Description of problem: OOM kernel panic with no significant memory used by processes. Version-Release number of selected component (if applicable): kernel-4.3.3-301.fc23.x86_64 kernel-4.3.3-303.fc23.x86_64 How reproducible: always Steps to Reproduce: 1. Load batman-adv 2. Note call trace tainting kernel 3. start getting OOM after about 12 hours, finally panic Actual results: OOM kernel panic Expected results: system stays up Additional info: I would guess it is related to batman-adv module, since that is where the taint happens.
Created attachment 1119563 [details] tainting Call Trace Loading batman-adv taints kernel
Created attachment 1119564 [details] OOM before kernel panics This is an OOM that gets logged before the kernel is totally wedged and panics.
Created attachment 1119565 [details] photo of console with kernel panic
When hitting the kernel panic, all other devices on the same switch become unreachable. Disconnecting the panicked system from the switch instantly restores normal operation to the other devices. Reconnecting the panicked system from the switch disables all other devices on the switch within seconds. There is no DoS until the kernel panic. At this point, I would like to increase the severity, but it is apparently too late. The batman-ctl taint is unrelated. When I disable loading batman-ctl, the OOM still happens (and no user programs running - just sitting at login screen) within 12 hours. The kernel panic is now "Not tainted".
Created attachment 1119675 [details] Not tainted OOM log before kernel panic the batman-adv taint was a red herring. Here is an untainted OOM log before the panic.

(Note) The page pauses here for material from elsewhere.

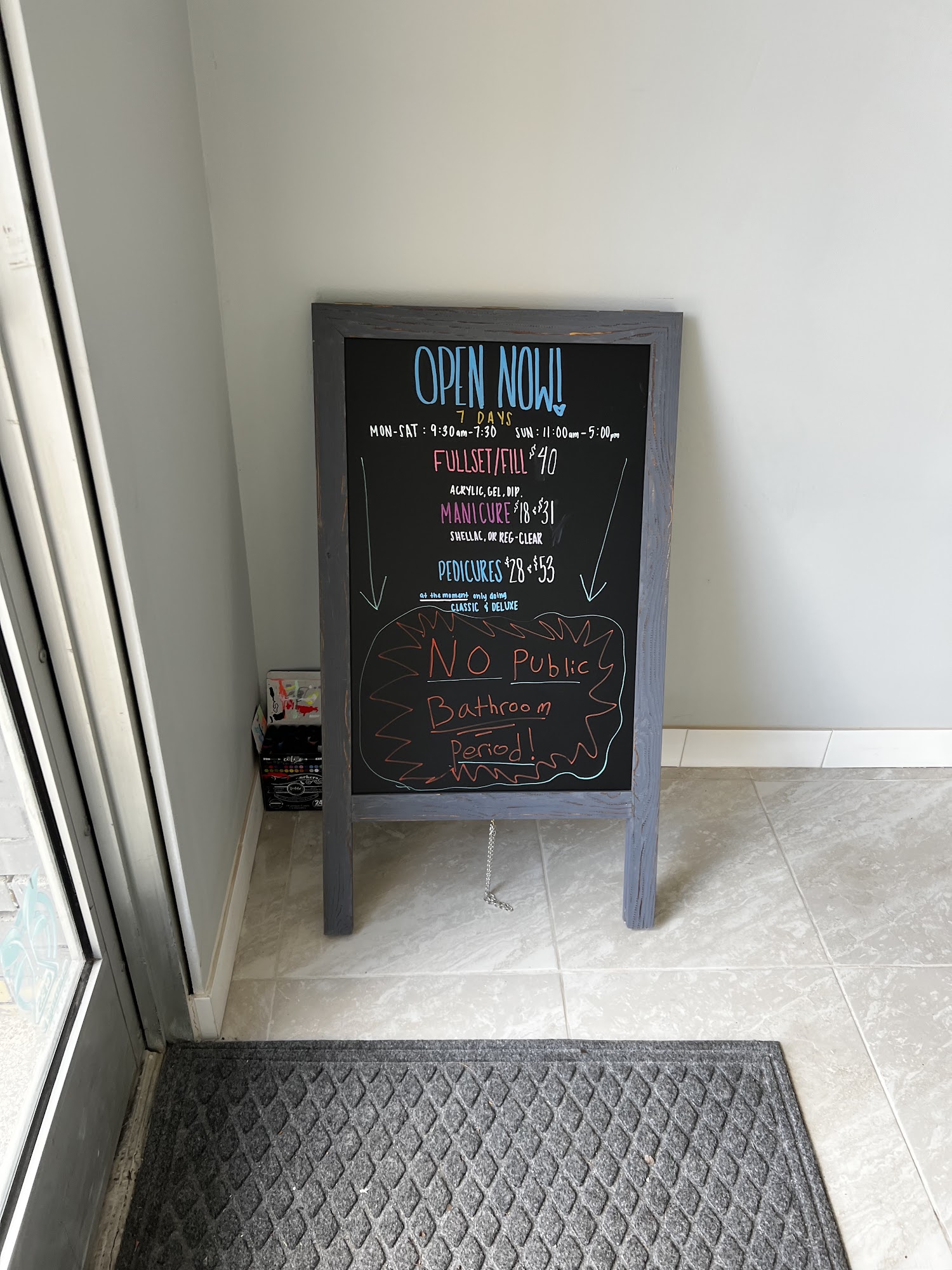 Amazing staff and great environment!! Anna served me the whole time and she was very attentive and funny. She made sure I liked everything from beginning to end. I’m definitely coming back and asking for anna again. This set was about $75, which is so cheap considering the amount of detail in the nails. If you come here make sure to ask for anna!

Tested 4.3.4-300 - get OOM panic even faster, only 8 hours!
There's not really enough information here. You're the only person to report this issue. A large number of people have been running just fine, so there is something specific to your machine and/or workload combination. What else was updated on your system with 4.3.3-301? Do you have the full yum/dnf log? What is the machine actually doing? Do you have an older "working" kernel that continues to work, or if you boot into that does it also now exhibit OOMs?
Created attachment 1119931 [details] installed package list
(In reply to Josh Boyer from comment #7) > > What is the machine actually doing? Nothing. Sitting at lightdm login prompt. Background daemons include nut-server, cjdroute in addition to stuff any PC would run (cron, chrony, etc). > > Do you have an older "working" kernel that continues to work, or if you boot > into that does it also now exhibit OOMs? I believe 4.2.8 works, but let me downgrade (has already been deleted) and check.
Created attachment 1119932 [details] dnf update log
I have confirmed that 4.2.8-300.fc23.x86_64 works correctly. This regression begins with 4.3.3 and continues with 4.3.4.
Created attachment 1120161 [details] fpaste --sysinfo Since a commenter believes the problem is system specific.
I'm not a kernel expert, but could this be a clue? slab_unreclaimable:388260kB Having nearly 4G of kernel memory unreclaimable seems like a recipe for OOM.
Just booted kernel-4.3.5-300 from koji, and slab_unreclaimable grows steadily by 100 50kB/sec. Gonna OOM panic in a few hours.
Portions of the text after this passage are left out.